> [Aim of the task] Below are records with pictures. Transcribe exactly, and only, the lines from the line with "Special Features Pointed" to the line with "думку, просто шикарні.", both ends included, but not the pictures.

> [Dataset]
- Opening Delimiter -

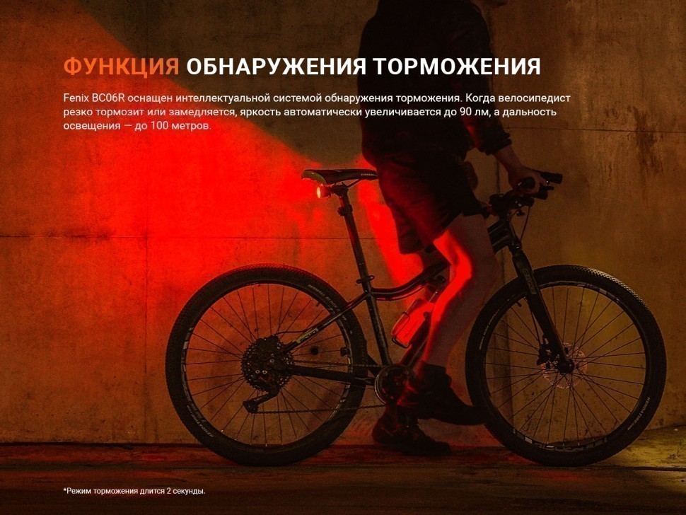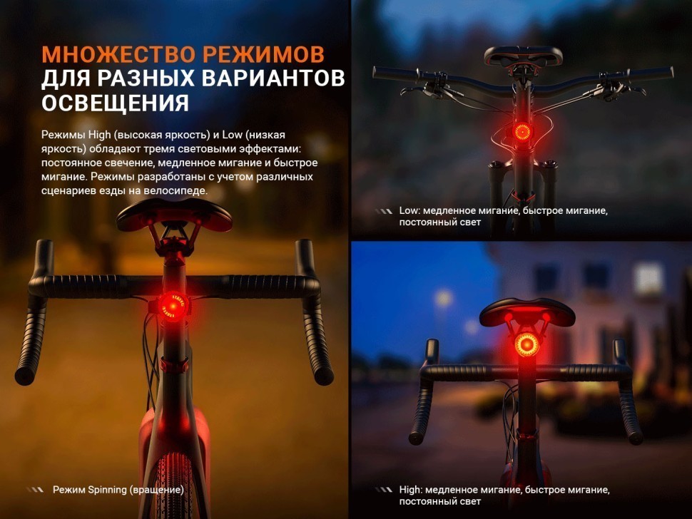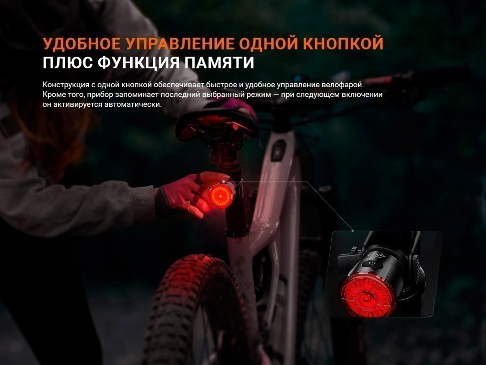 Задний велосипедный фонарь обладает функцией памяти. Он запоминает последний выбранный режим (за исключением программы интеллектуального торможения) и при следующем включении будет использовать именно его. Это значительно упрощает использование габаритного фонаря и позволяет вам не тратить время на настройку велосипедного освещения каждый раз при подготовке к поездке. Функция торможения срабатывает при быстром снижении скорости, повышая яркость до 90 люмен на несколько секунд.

- Closing Delimiter -
- Opening Delimiter -

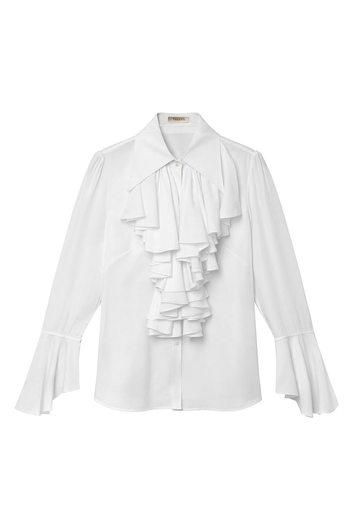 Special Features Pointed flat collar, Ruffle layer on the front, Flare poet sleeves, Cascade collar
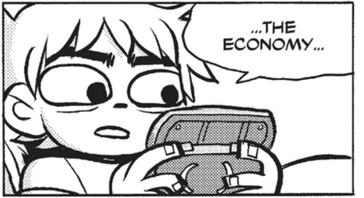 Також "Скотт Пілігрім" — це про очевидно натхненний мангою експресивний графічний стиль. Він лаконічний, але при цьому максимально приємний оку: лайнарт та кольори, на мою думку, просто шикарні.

- Closing Delimiter -

> [Exercise result]
 Special Features Pointed flat collar, Ruffle layer on the front, Flare poet sleeves, Cascade collar
 Також "Скотт Пілігрім" — це про очевидно натхненний мангою експресивний графічний стиль. Він лаконічний, але при цьому максимально приємний оку: лайнарт та кольори, на мою думку, просто шикарні.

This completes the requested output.